Copy the data that follows exactly as it is, excluding all pictures.

Exercise data |
# # # # #

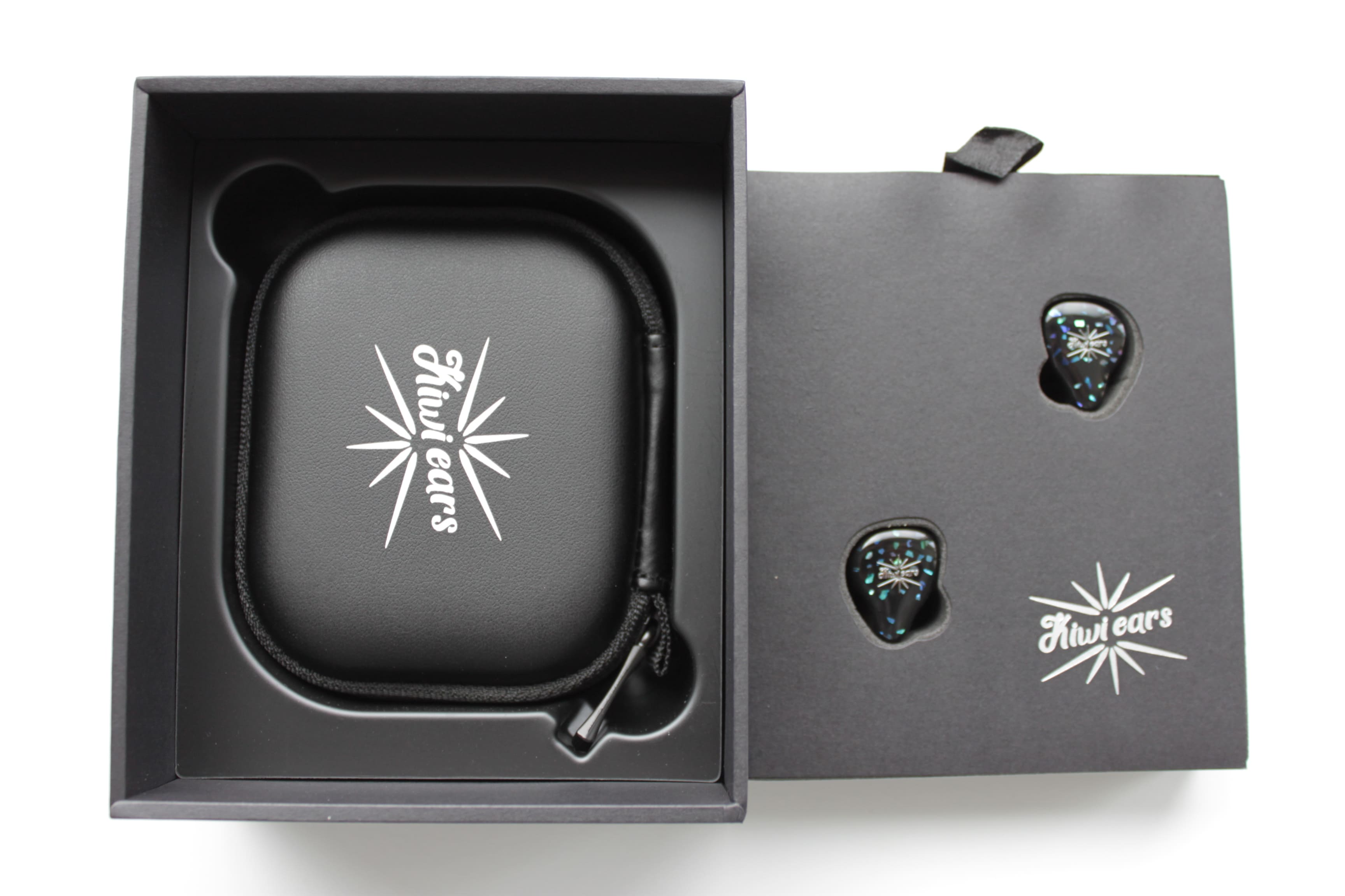 Die Kiwi Ears Astral machen schon beim Auspacken einen sehr hochwertigen Eindruck. Nach dem Öffnen der kleinen Schatzkiste liegen die beiden In-Ears (IEM) wie zwei Edelsteine in den Ausparungen des schwarzen Deckels. Zieht ihr, wie bei einer Schmuckkiste, an der schwarzen Stofflasche am Rand, findet ihr im Bauch der Verpackung eine kleine Transporttasche mit weißem Kiwi-Logo. Innerhalb der schönen Kunstledertasche befindet sich das weitere Zubehör.
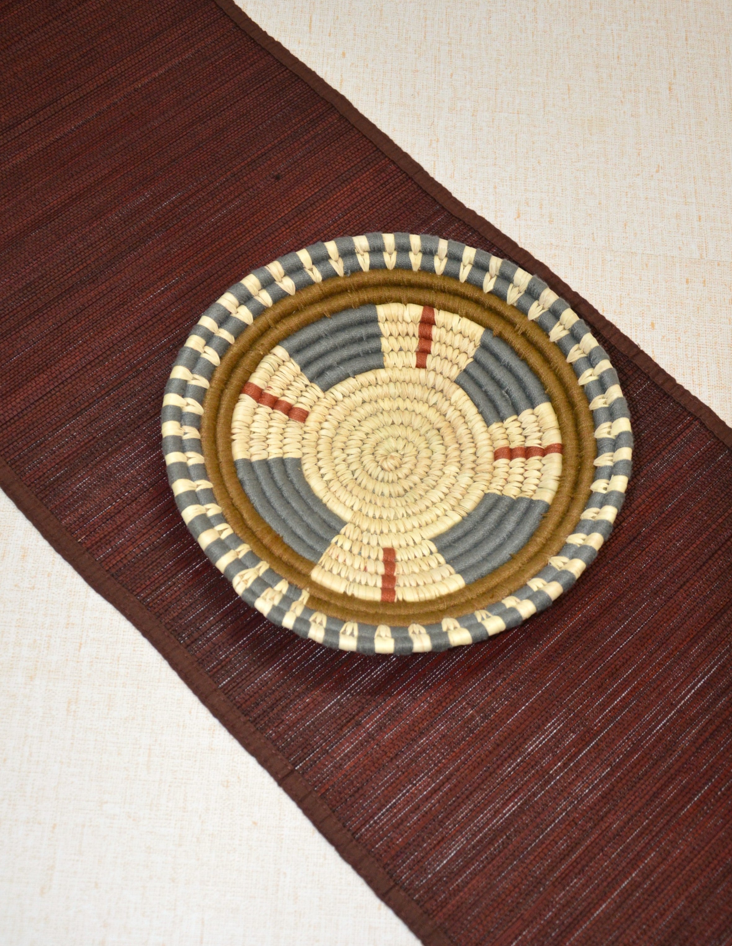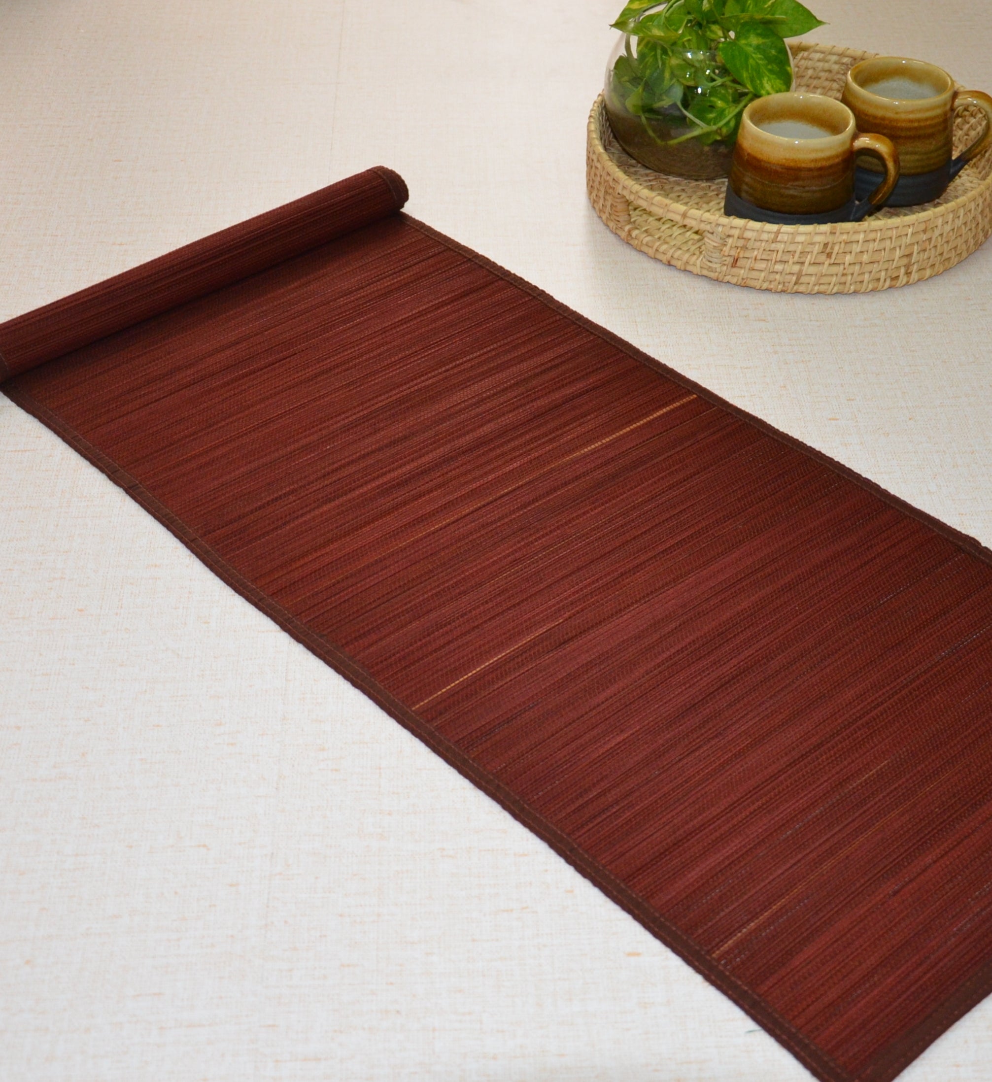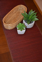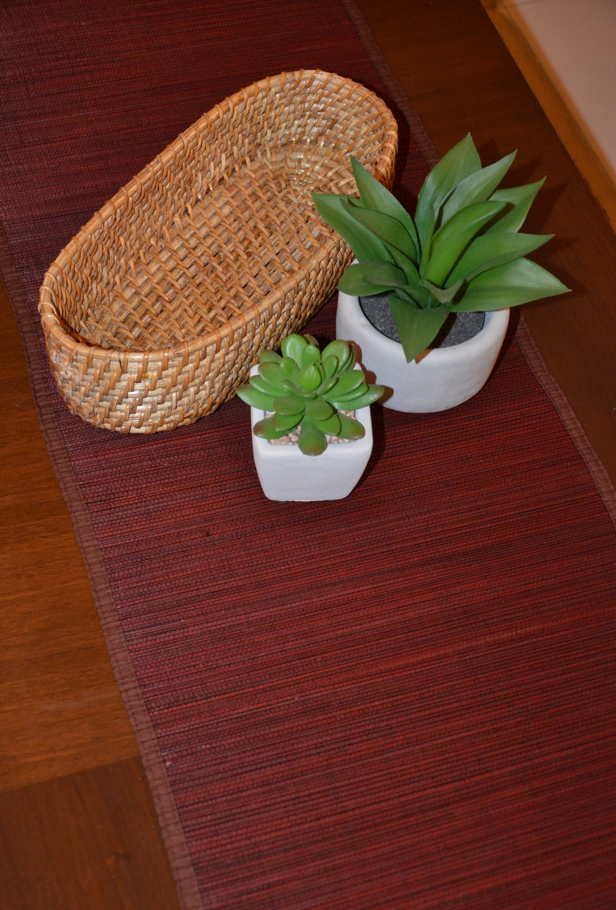 Table runner constructed from Bamboo sticks and interwoven with cotton thread. Earthy and Eco-friendly, these are a perfect addition to your home and complement most themes.
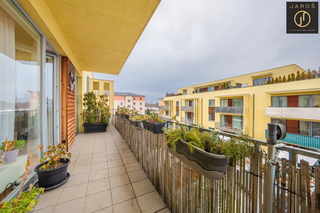 Celková užitná plocha bytu činí přibližně 60 m² a je doplněna o prostorný balkon o velikosti téměř 13 m², na který je přímý vstup jak z obývacího pokoje, tak z ložnice. Byt disponuje vstupní předsíní s dostatkem úložného prostoru, koupelnou s WC a světlým obývacím pokojem s kuchyňským koutem, který tvoří přirozené centrum celého bytu. Samostatná ložnice poskytuje klidné zázemí pro odpočinek a zároveň nabízí pohodlný vstup na balkon. K bytu náleží také sklep o velikosti 4,19 m².
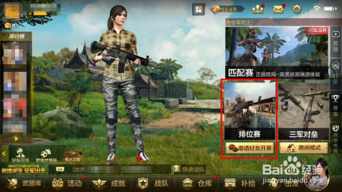 进入游戏首页界面,然后点击【排位赛】或【匹配赛】中的任一角逐模式,如图:
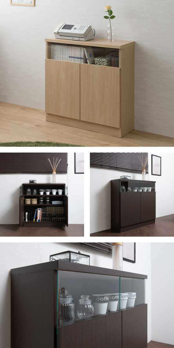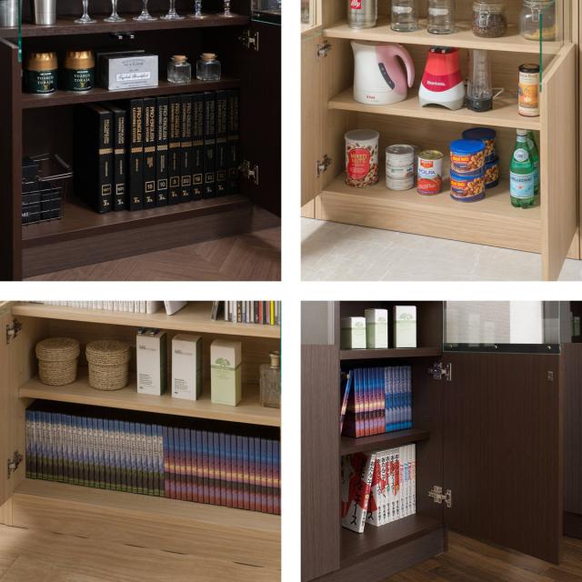 扉上面に接続されたガラス扉には、お気に入りの食器やグラス、雑貨などをディスプレイすることができます。
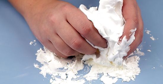 Play with the play dough in an easy-to-clean area. This play dough is soft and foamy, like a cloud. It can get crumbly, however, so play with it some place that it easy to clean. A table would be perfect. When you are done playing with the play dough, put it into an air-tight container. If some of this play dough accidentally gets off your playing surface and into your carpet, don't worry! You can get it out of carpet by carefully scraping it away, then removing leftover stains with something like soapy water or rubbing alcohol.
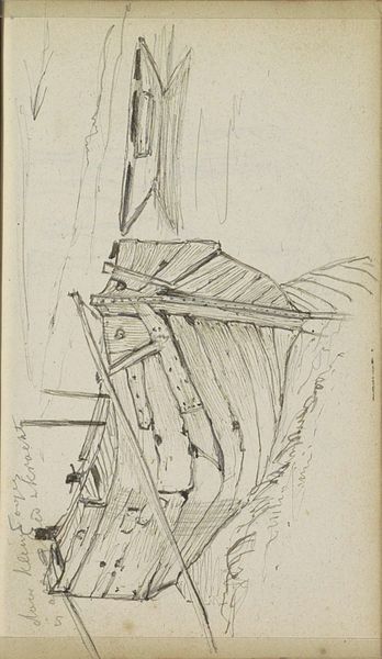 Johannes Tavenraat made this pencil drawing, Wagenwiel, at an unknown date. The immediacy of the marks suggests a quick study, capturing the textures and structural forms of a wagon wheel and adjacent stone or wooden structure. Tavenraat’s choice of pencil allows for a remarkable range of tones, from the faintest suggestion of line to deep, shadowed areas. Look closely at the wheel itself. See how the artist used hatching and cross-hatching to define the roundness of the spokes, and the solid weight of the hub. The drawing conveys a sense of the material's inherent qualities. Consider the social context implied by the subject matter. Wagons were essential for transportation and trade, and their wheels were skillfully crafted objects. Tavenraat elevates this everyday subject through careful observation and rendering, reminding us that the division between fine art and craft is not as clear as we might think. Ultimately, it is through attention to materials, making, and context that we gain a deeper understanding of this artwork's meaning.
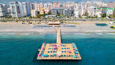 Собствен плаж, чакълест и платформа. Чадъри, шезлонги и матраци на плажа и при басейна- безплатно. Плажни кърпи - безплатно ( взимат се от турска баня 08:00-17:00)
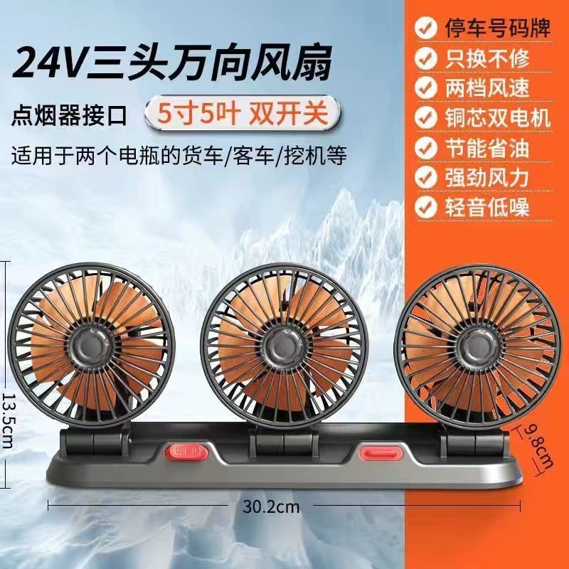 車載扇風機24v大型トラック専用12ボルトバン強風超静音三頭車用usb扇風機
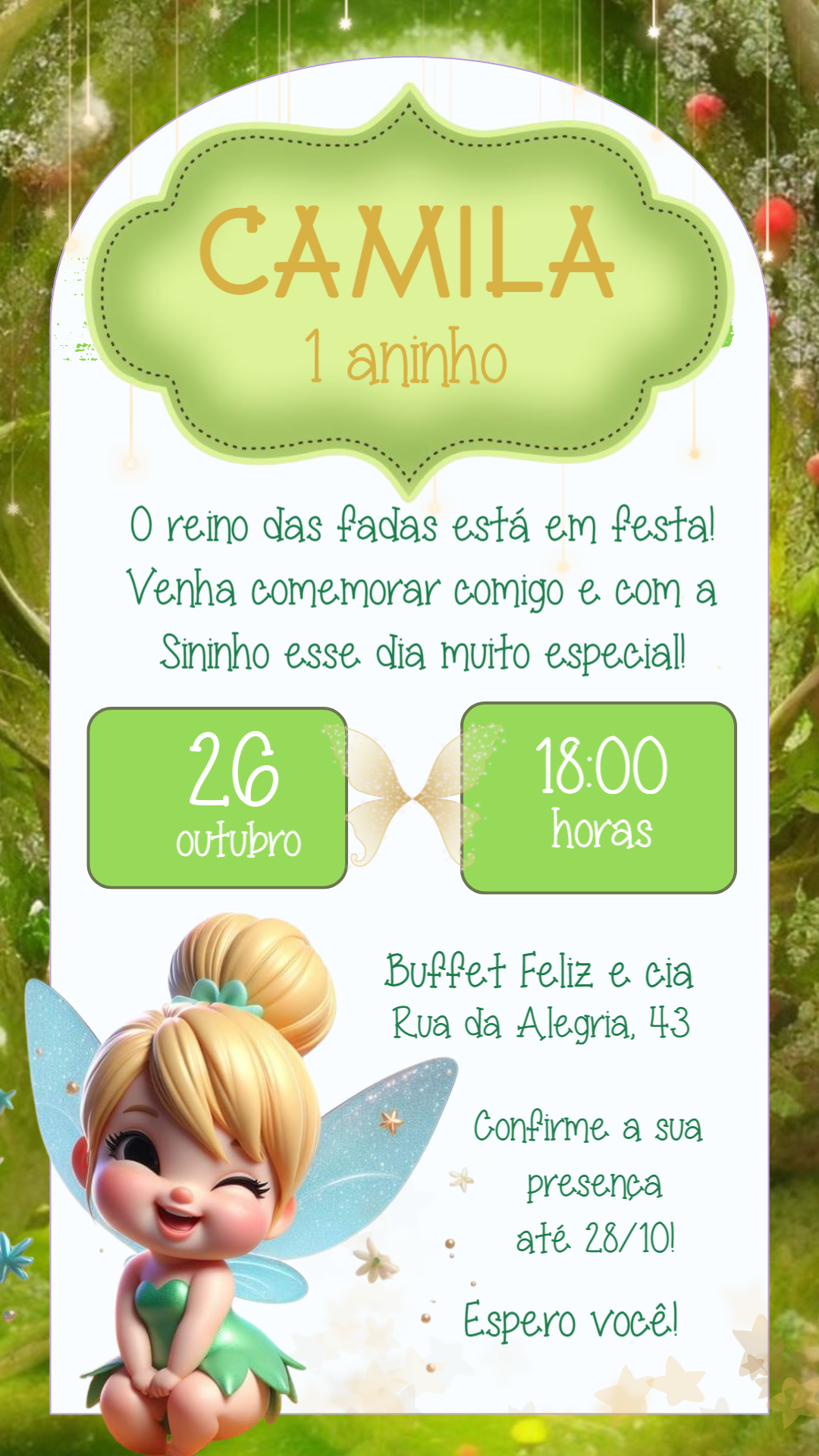 Crie um convite mágico com o tema da fada Sininho. Edite online em minutos, personalize com os dados da festa e envie para seus convidados pela internet!
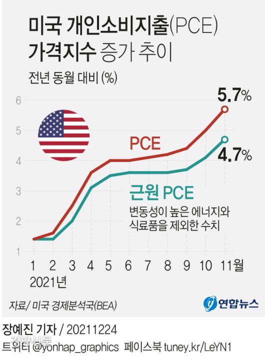 연준은 12월 연방공개시장위원회(FOMC) 정례회의에서 내년 말까지 물가상승률이 2.6% 수준으로 내려올 것으로 전망했으나, 오미크론 변이의 확산으로 공급망 회복이 지연되고 주거비용이 추가로 오른다면 이마저도 장담하기 어렵다. 일반적으로 잘 알려진 물가지표는 소비자물가지수(CPI)지만, 연준이 인플레이션 추이를 관찰할 때 가장 선호하는 지표는 PCE와 근원 PCE 지수다.
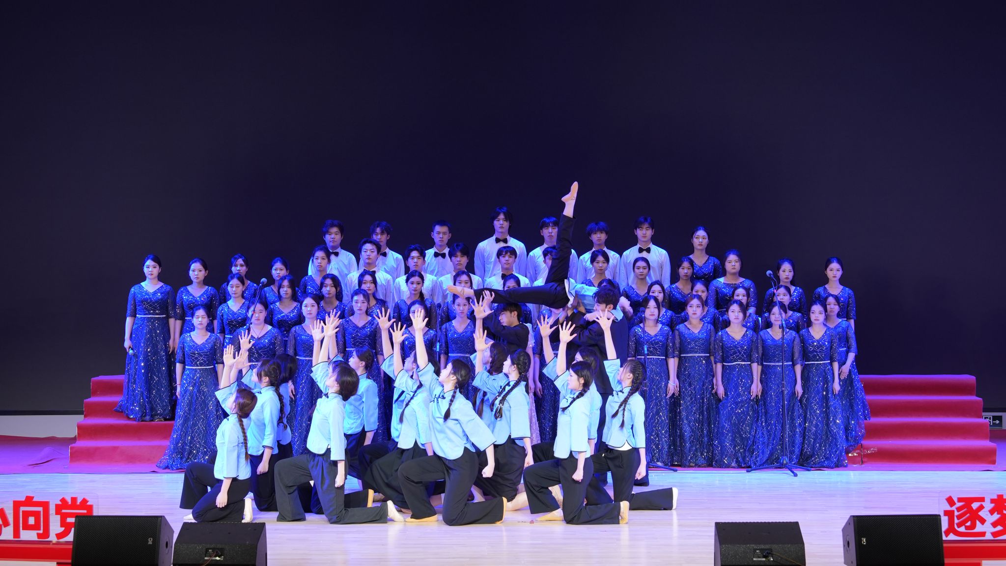 伟德bv1946官网作为第八支参赛队伍登场,在指挥的精准调度下,我院合唱团成员以饱满的精神状态倾情献唱《初光》。激昂的歌声与铿锵的歌词相得益彰,生动诠释了“为理想信仰而奋斗”的青春誓言。伴舞团队以刚健有力的动作融入表演,将歌曲中“振兴中华”的豪情层层递进推向高潮,赢得现场观众经久不息的掌声。评委组高度评价我院作品“情感真挚、编排精湛,展现了青年一代的责任担当”。 值得一提的是,指挥杨祎璠同学凭借节奏把控与优美的艺术感染力,荣获本届歌会“优秀指挥奖”,为团队荣誉再添亮色。

# # # # #

Expected output |
 Die Kiwi Ears Astral machen schon beim Auspacken einen sehr hochwertigen Eindruck. Nach dem Öffnen der kleinen Schatzkiste liegen die beiden In-Ears (IEM) wie zwei Edelsteine in den Ausparungen des schwarzen Deckels. Zieht ihr, wie bei einer Schmuckkiste, an der schwarzen Stofflasche am Rand, findet ihr im Bauch der Verpackung eine kleine Transporttasche mit weißem Kiwi-Logo. Innerhalb der schönen Kunstledertasche befindet sich das weitere Zubehör.
 Table runner constructed from Bamboo sticks and interwoven with cotton thread. Earthy and Eco-friendly, these are a perfect addition to your home and complement most themes.
 Celková užitná plocha bytu činí přibližně 60 m² a je doplněna o prostorný balkon o velikosti téměř 13 m², na který je přímý vstup jak z obývacího pokoje, tak z ložnice. Byt disponuje vstupní předsíní s dostatkem úložného prostoru, koupelnou s WC a světlým obývacím pokojem s kuchyňským koutem, který tvoří přirozené centrum celého bytu. Samostatná ložnice poskytuje klidné zázemí pro odpočinek a zároveň nabízí pohodlný vstup na balkon. K bytu náleží také sklep o velikosti 4,19 m².
 进入游戏首页界面,然后点击【排位赛】或【匹配赛】中的任一角逐模式,如图:
 扉上面に接続されたガラス扉には、お気に入りの食器やグラス、雑貨などをディスプレイすることができます。
 Play with the play dough in an easy-to-clean area. This play dough is soft and foamy, like a cloud. It can get crumbly, however, so play with it some place that it easy to clean. A table would be perfect. When you are done playing with the play dough, put it into an air-tight container. If some of this play dough accidentally gets off your playing surface and into your carpet, don't worry! You can get it out of carpet by carefully scraping it away, then removing leftover stains with something like soapy water or rubbing alcohol.
 Johannes Tavenraat made this pencil drawing, Wagenwiel, at an unknown date. The immediacy of the marks suggests a quick study, capturing the textures and structural forms of a wagon wheel and adjacent stone or wooden structure. Tavenraat’s choice of pencil allows for a remarkable range of tones, from the faintest suggestion of line to deep, shadowed areas. Look closely at the wheel itself. See how the artist used hatching and cross-hatching to define the roundness of the spokes, and the solid weight of the hub. The drawing conveys a sense of the material's inherent qualities. Consider the social context implied by the subject matter. Wagons were essential for transportation and trade, and their wheels were skillfully crafted objects. Tavenraat elevates this everyday subject through careful observation and rendering, reminding us that the division between fine art and craft is not as clear as we might think. Ultimately, it is through attention to materials, making, and context that we gain a deeper understanding of this artwork's meaning.
 Собствен плаж, чакълест и платформа. Чадъри, шезлонги и матраци на плажа и при басейна- безплатно. Плажни кърпи - безплатно ( взимат се от турска баня 08:00-17:00)
 車載扇風機24v大型トラック専用12ボルトバン強風超静音三頭車用usb扇風機
 Crie um convite mágico com o tema da fada Sininho. Edite online em minutos, personalize com os dados da festa e envie para seus convidados pela internet!
 연준은 12월 연방공개시장위원회(FOMC) 정례회의에서 내년 말까지 물가상승률이 2.6% 수준으로 내려올 것으로 전망했으나, 오미크론 변이의 확산으로 공급망 회복이 지연되고 주거비용이 추가로 오른다면 이마저도 장담하기 어렵다. 일반적으로 잘 알려진 물가지표는 소비자물가지수(CPI)지만, 연준이 인플레이션 추이를 관찰할 때 가장 선호하는 지표는 PCE와 근원 PCE 지수다.
 伟德bv1946官网作为第八支参赛队伍登场,在指挥的精准调度下,我院合唱团成员以饱满的精神状态倾情献唱《初光》。激昂的歌声与铿锵的歌词相得益彰,生动诠释了“为理想信仰而奋斗”的青春誓言。伴舞团队以刚健有力的动作融入表演,将歌曲中“振兴中华”的豪情层层递进推向高潮,赢得现场观众经久不息的掌声。评委组高度评价我院作品“情感真挚、编排精湛,展现了青年一代的责任担当”。 值得一提的是,指挥杨祎璠同学凭借节奏把控与优美的艺术感染力,荣获本届歌会“优秀指挥奖”,为团队荣誉再添亮色。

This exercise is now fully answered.